- Exercise
The data below should be retyped exactly, with the pictures left out.

*** Dataset content ***

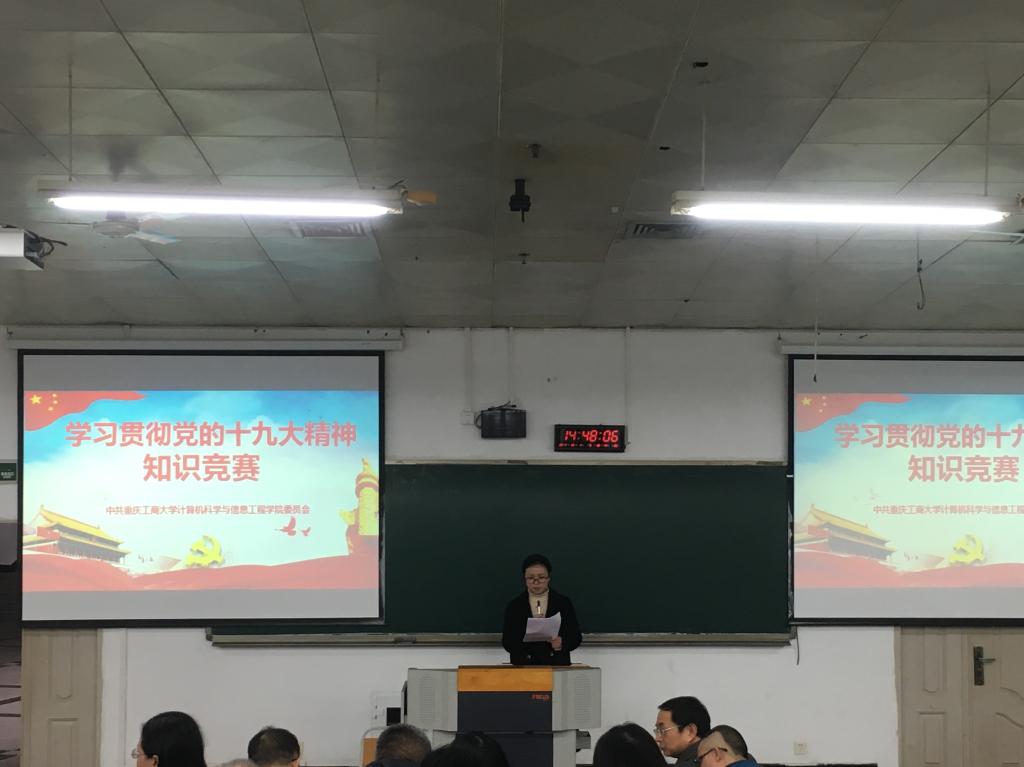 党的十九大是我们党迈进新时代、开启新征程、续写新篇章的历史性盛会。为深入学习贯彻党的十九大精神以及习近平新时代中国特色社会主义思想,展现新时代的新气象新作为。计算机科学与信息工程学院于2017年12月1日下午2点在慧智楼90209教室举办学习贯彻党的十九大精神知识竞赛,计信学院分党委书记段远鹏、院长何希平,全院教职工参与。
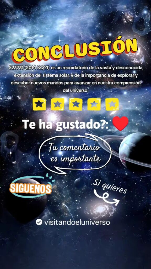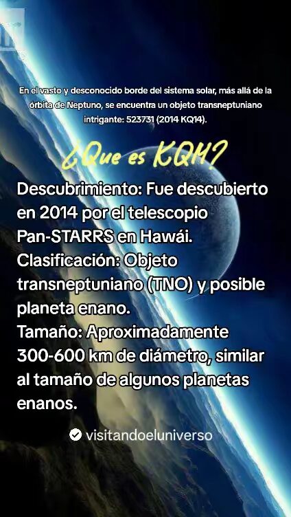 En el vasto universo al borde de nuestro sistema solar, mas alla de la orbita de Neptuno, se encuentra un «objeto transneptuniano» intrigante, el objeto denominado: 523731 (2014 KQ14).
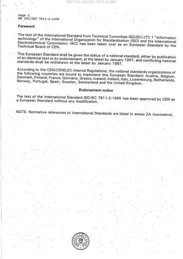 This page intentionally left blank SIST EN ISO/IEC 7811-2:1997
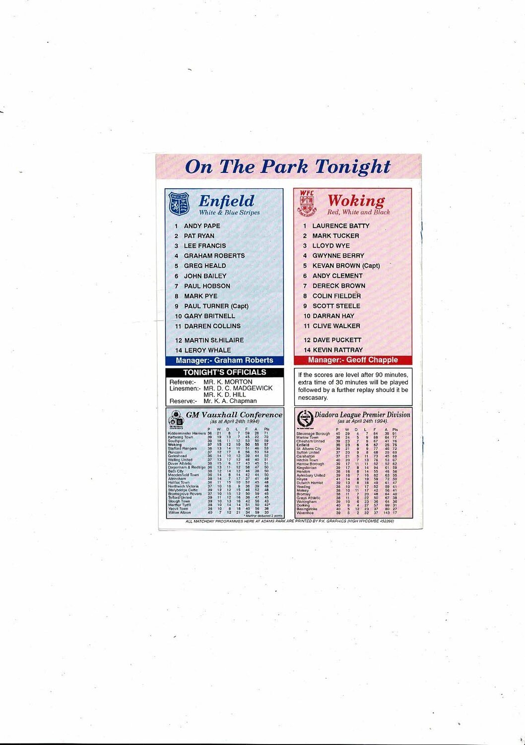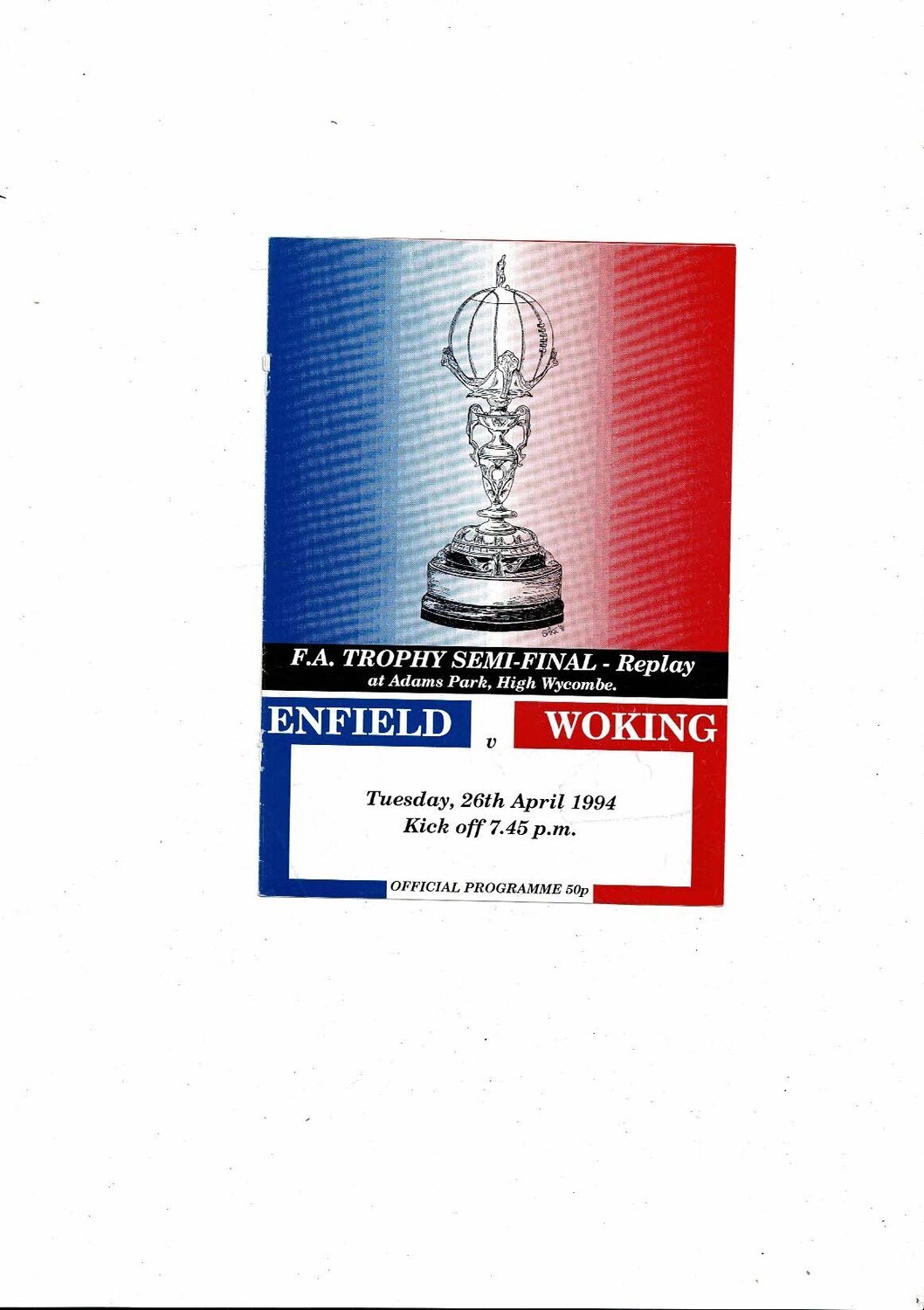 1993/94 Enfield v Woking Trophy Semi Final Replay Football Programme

*** End of Dataset content ***

- Output of the exercise
 党的十九大是我们党迈进新时代、开启新征程、续写新篇章的历史性盛会。为深入学习贯彻党的十九大精神以及习近平新时代中国特色社会主义思想,展现新时代的新气象新作为。计算机科学与信息工程学院于2017年12月1日下午2点在慧智楼90209教室举办学习贯彻党的十九大精神知识竞赛,计信学院分党委书记段远鹏、院长何希平,全院教职工参与。
 En el vasto universo al borde de nuestro sistema solar, mas alla de la orbita de Neptuno, se encuentra un «objeto transneptuniano» intrigante, el objeto denominado: 523731 (2014 KQ14).
 This page intentionally left blank SIST EN ISO/IEC 7811-2:1997
 1993/94 Enfield v Woking Trophy Semi Final Replay Football Programme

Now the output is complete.